> **ASSIGNMENT**
Without the pictures, set down every line of the data exactly.

RECORDS START

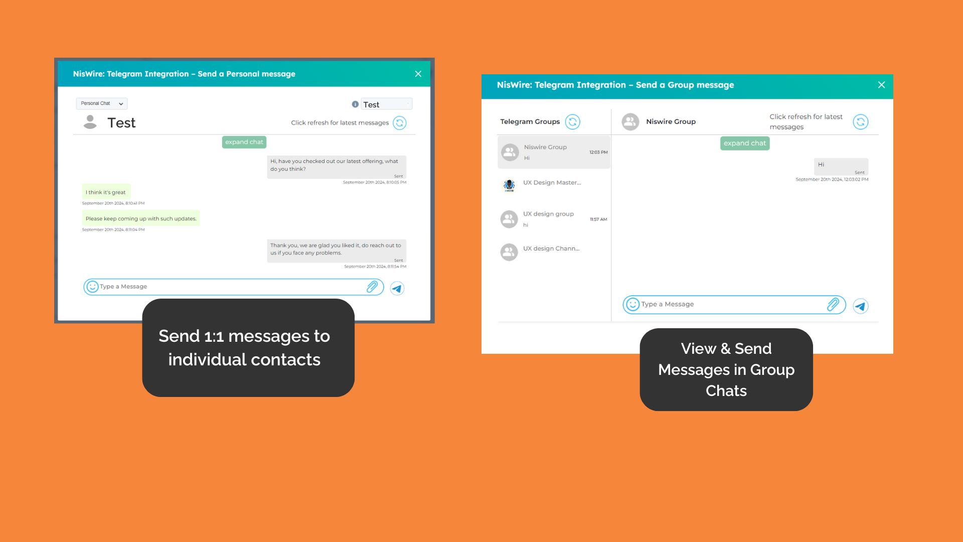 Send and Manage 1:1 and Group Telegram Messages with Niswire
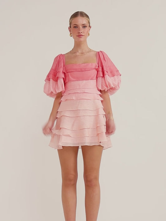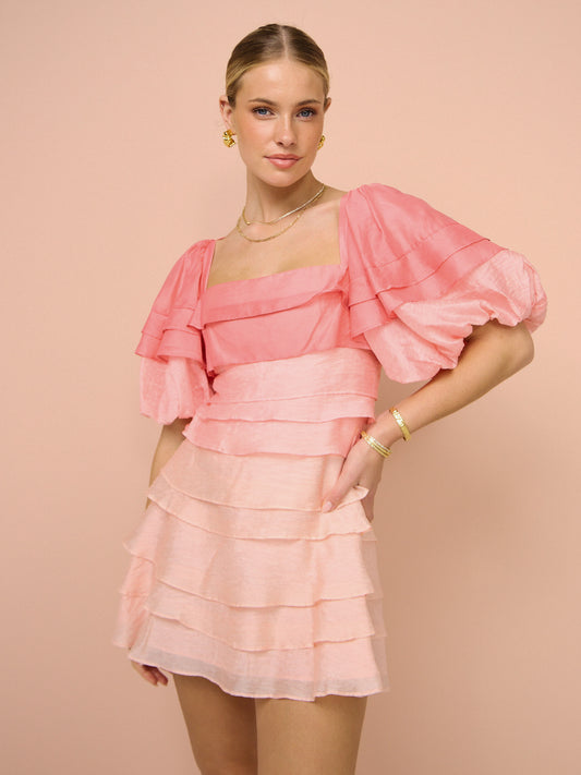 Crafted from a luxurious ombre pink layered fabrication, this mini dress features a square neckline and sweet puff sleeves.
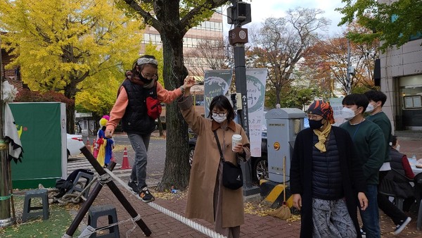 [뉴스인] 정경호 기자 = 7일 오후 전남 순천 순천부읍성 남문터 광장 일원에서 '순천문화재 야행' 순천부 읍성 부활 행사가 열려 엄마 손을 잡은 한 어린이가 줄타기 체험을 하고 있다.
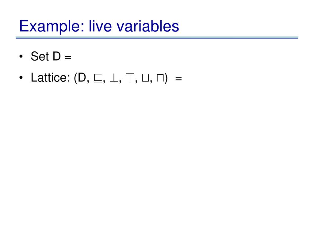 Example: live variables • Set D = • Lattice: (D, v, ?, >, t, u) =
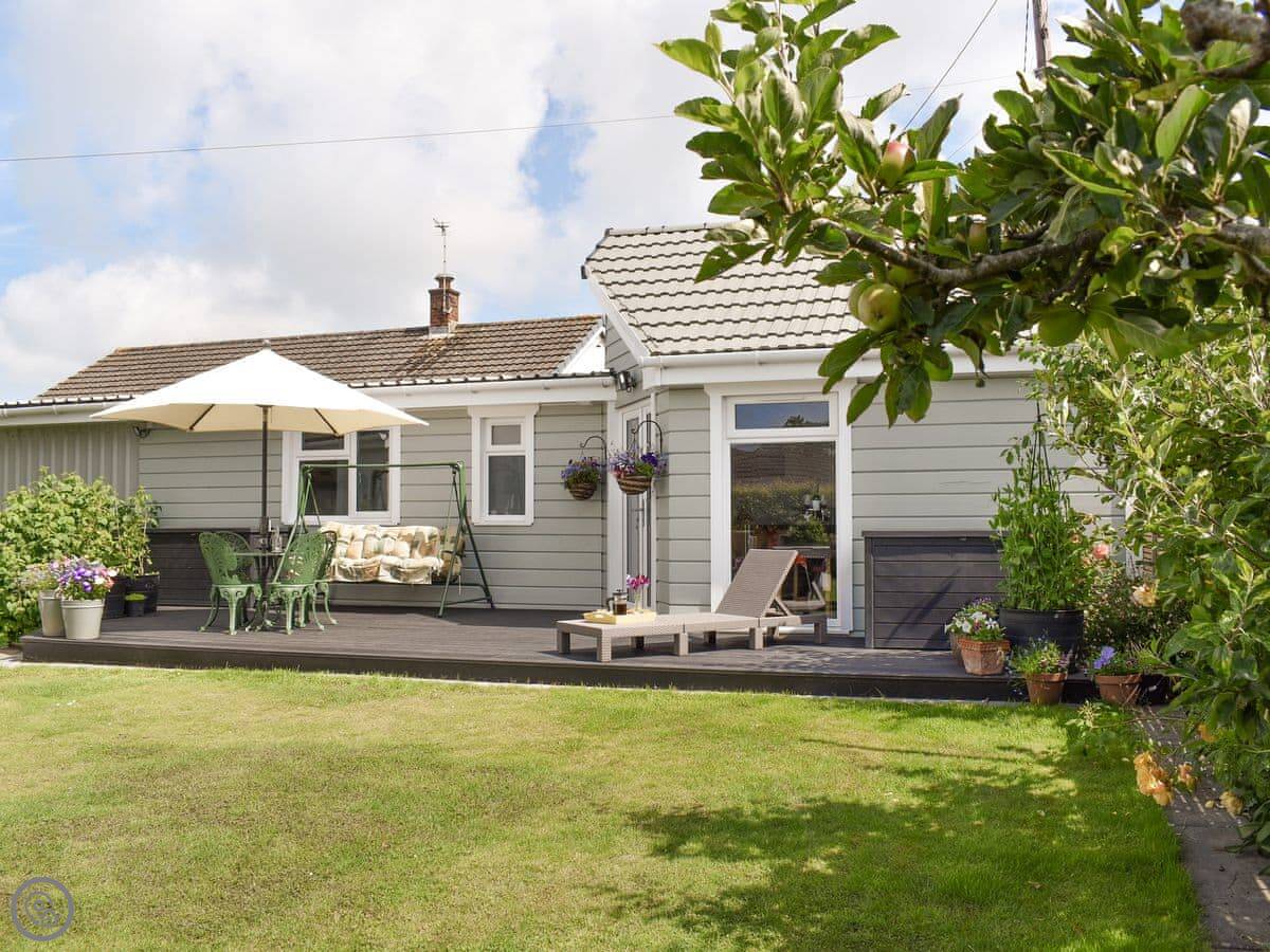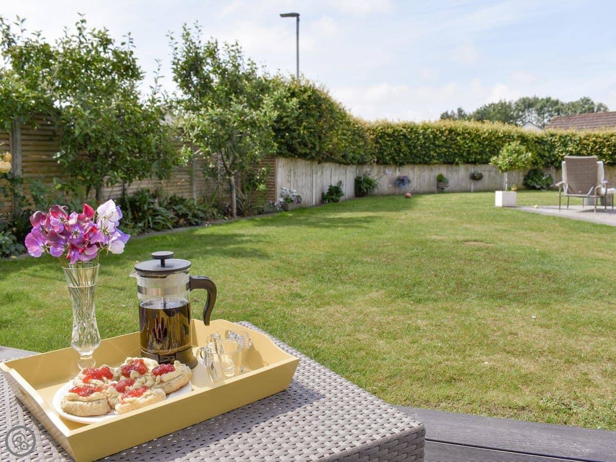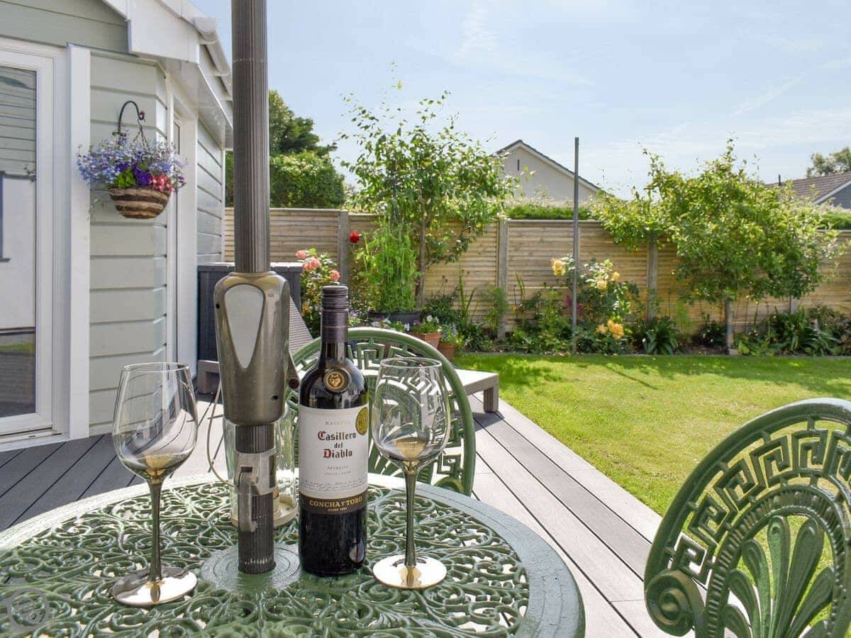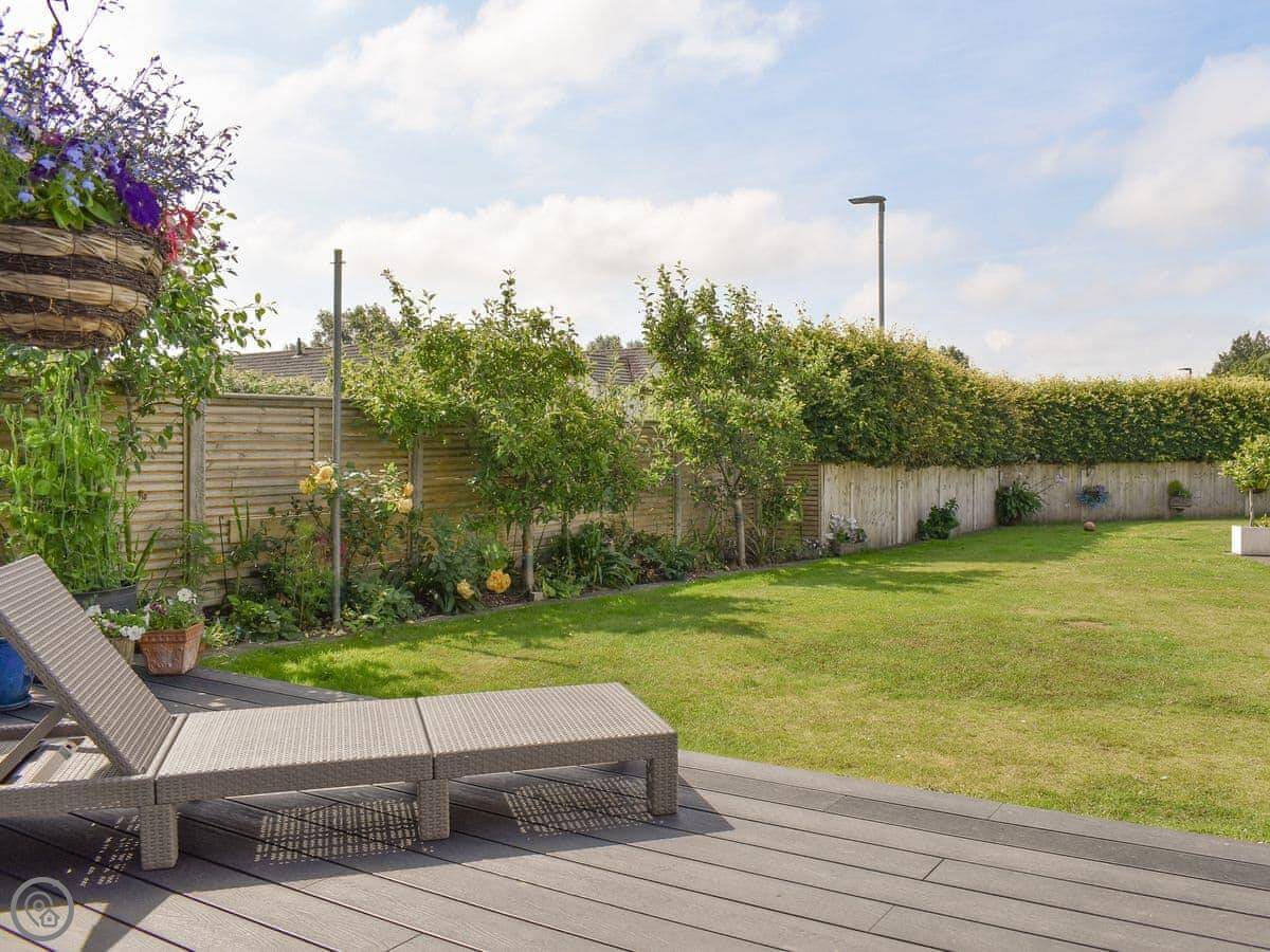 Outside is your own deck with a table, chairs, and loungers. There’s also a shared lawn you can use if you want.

RECORDS END

> **ANSWER SPACE**
 Send and Manage 1:1 and Group Telegram Messages with Niswire
 Crafted from a luxurious ombre pink layered fabrication, this mini dress features a square neckline and sweet puff sleeves.
 [뉴스인] 정경호 기자 = 7일 오후 전남 순천 순천부읍성 남문터 광장 일원에서 '순천문화재 야행' 순천부 읍성 부활 행사가 열려 엄마 손을 잡은 한 어린이가 줄타기 체험을 하고 있다.
 Example: live variables • Set D = • Lattice: (D, v, ?, >, t, u) =
 Outside is your own deck with a table, chairs, and loungers. There’s also a shared lawn you can use if you want.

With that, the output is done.